As for the quality of teaching and learning in particular, we set great store by the learning of skills and as critical and contextual an approach to law as is possible. The various curricula offered towards the LLB degree ensure that none of our graduates leaves without significant exposure to non-law subjects, as we believe that rounded people make good lawyers and citizens.

We place an increasingly heavy emphasis on a broad range of skills training — reading, writing, computer literacy, mooting, drafting and numeracy. In this regard we have initiated what has become a national pilot project for teaching: ”quantitative literacy for lawyers”. The skills competence is tested in an integrative assessment project in the final year. Furthermore, we offer new law students the services of a writing centre, extensive tutorials and a mentorship scheme.

From 2005 all law students will be expected to participate in socially responsive activities — such as legal aid, street law, or the work of various research groups — whether in the faculty or outside, as a period of unremunerated community service will be a requirement for qualification. Together with the wide range of eminent visitors to the faculty, most of whom lecture to students, our LLB graduates have had a critical and socially contextual education offered to them.

Methods of assessment vary widely, but every compulsory course in the LLB degree requires students to do a year’s work for between 20% and 40% of their overall assessment.

Students have been identified by an anonymous number for written exams since 1993. The extensive system of external examiners, which has been in place for decades, is not intended to ”double mark” every script, but rather to regulate the quality and fairness of the exam paper/s, to sample the marked scripts, to re-mark borderline cases (pass/fails, those hovering between first- and second-class passes and so forth), to be present at oral exams (administered to remove doubts about a student’s knowledge) and to report to the faculty on the quality of the process. (This latter aspect is outline in the Guidelines for Examiners — supplied to all examiners.)

The external examination system is regulated at a central level within the university. The quality of our undertaking is thus externally assessed on a continuous basis. In addition, in preparation for the national system of quality assurance in higher education, all aspects of our LLB were subjected to rigorous independent review four months ago, a process that has culminated in a highly satisfactory quality-assessment report.

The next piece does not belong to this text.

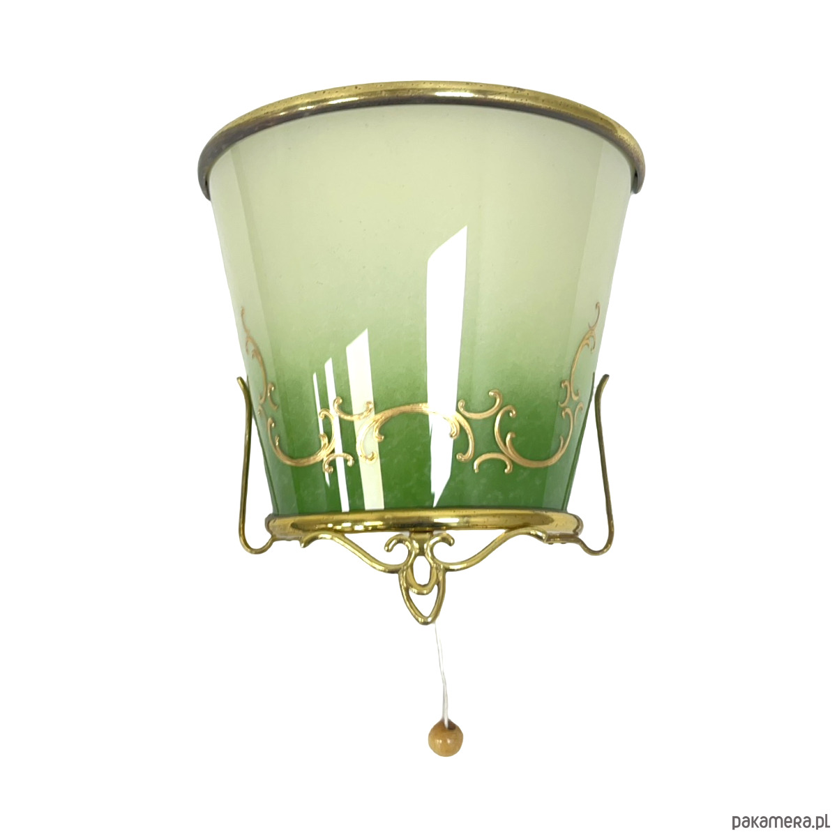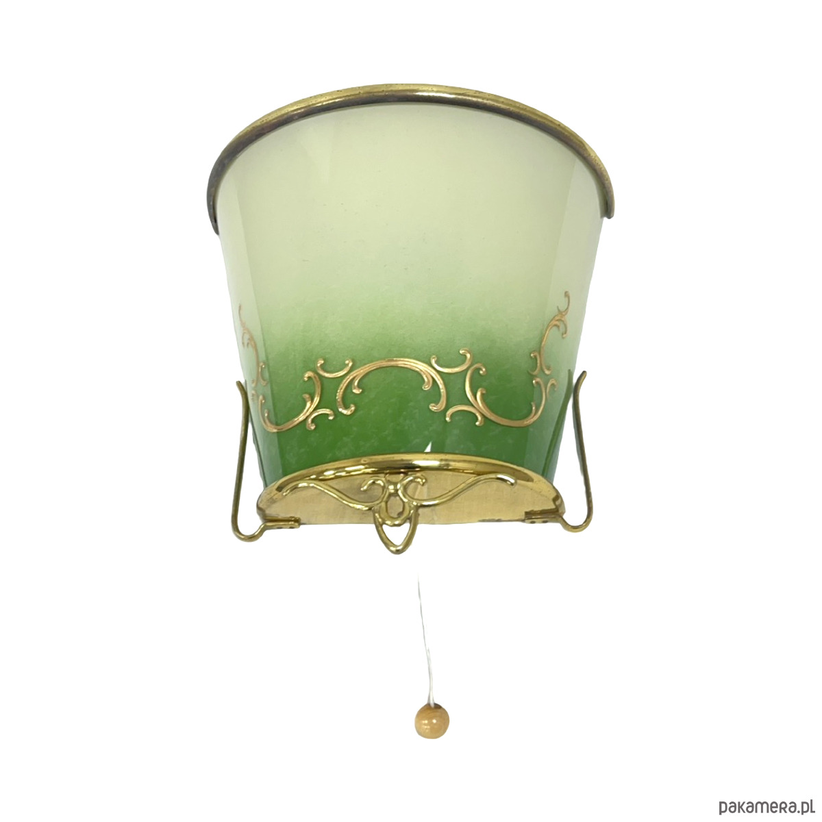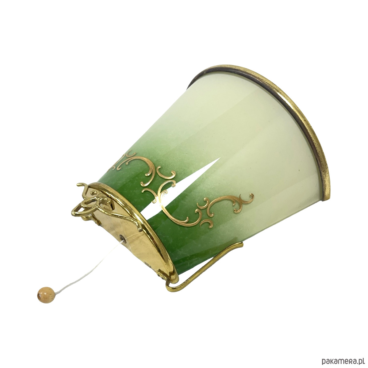 Dekoracyjne naczynie ze szkła artystycznego osadzone w ozdobnej mosiężnej oprawie, utrzymane w eleganckiej stylistyce vintage. Szkło w pięknym zielono-mlecznym gradiencie, z delikatnymi złoconymi ornamentami, nadaje całości bardzo szlachetny, klasyczny charakter.

Let me now deal briefly with the issue of students’ access to exam scripts. This is a contested area in terms of the Promotion of Access to Information Act, which is itself a thoroughly laudable attempt to ensure a degree of openness in the exercise of power in this country.

UCT is fully committed to its obligations under this Act, and has held a number of training and awareness sessions with academic and administrative staff. Turrell’s first application (of May 2002) was indeed unprecedented, but after some consultation he was provided with copies of all the scripts that he requested, and this was repeated after the next set of exams.

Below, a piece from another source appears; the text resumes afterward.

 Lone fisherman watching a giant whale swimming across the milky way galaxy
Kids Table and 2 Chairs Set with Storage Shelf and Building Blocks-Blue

The university’s discretion to decide each case on its merits must be preserved, and any examining authority would be entitled by law and good practice to refuse access, based on Section 44(2) of the Act. The faculty policy of providing students with an opportunity to discuss their exam performance with the lecturer concerned on the basis of their script remains in place as the means most students prefer for learning from their errors.

None of this suggests that we are complacent, or that the system cannot be improved. Committees with student representation exist within the faculty constantly to attend to the quality of what we do.

Finally, as a matter of public record, I should point out two facts in closing: Turrell quotes an e-mail (from me to him): ”Requests for the marking of copies will be considered as they arise …” This is misleading — it read ”making” in the original; and he was a student of this faculty for three years from 2000 to 2002 but did not graduate.